Antibody titers also appear to decline over time; thus, the IgG
Western Blot is even less sensitive in detecting chronic Lyme
infection yet the IgM Western Blot may work. For "epidemiological
purposes" the CDC eliminated from the Western Blot analysis the
reading of bands 31 and 34. These bands are so specific to
Borrelia burgdorferi that they have been chosen for vaccine
development. However, for patients not vaccinated for Lyme, a positive
31 or 34 band is highly indicative of Borrelia burgdorferi
exposure.
- When used as a part of a diagnostic evaluation for Lyme disease,
the Western Blot should be performed by a laboratory that reads and
reports on all 16 bands as part of their routine comprehensive
analysis. Laboratories (such as SmithKline) that use FDA approved kits
(for instance, Mardex's Marblot) are restricted from reporting all of
the bands, as they must abide by the rules of the manufacturer. These
rules are set up in accordance with the CDCs surveillance criteria.
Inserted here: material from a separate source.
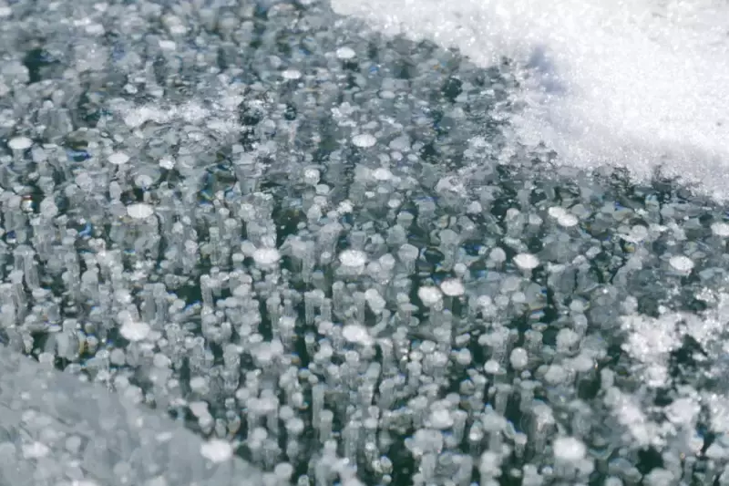 アイスバブルとは、凍った湖面の中に気泡が凍って閉じ込められている様子のこと。

and increase the risk of false negative results. These kits may be OK
for surveillance purposes, but offer too scanty of an analysis to be
useful in patient management.
- A preponderance of evidence indicates that active ongoing
spirochetal infection is the cause of the persistent symptoms
in chronic Lyme disease.
- There has never in the history of this illness been one study
that proves even in the simplest way that 30 days of antibiotic
treatment cures Lyme disease. However there is a plethora of
documentation in the US and European medical literature demonstrating
histologically and in culture that short courses of antibiotic
treatment fail to eradicate the Lyme spirochete.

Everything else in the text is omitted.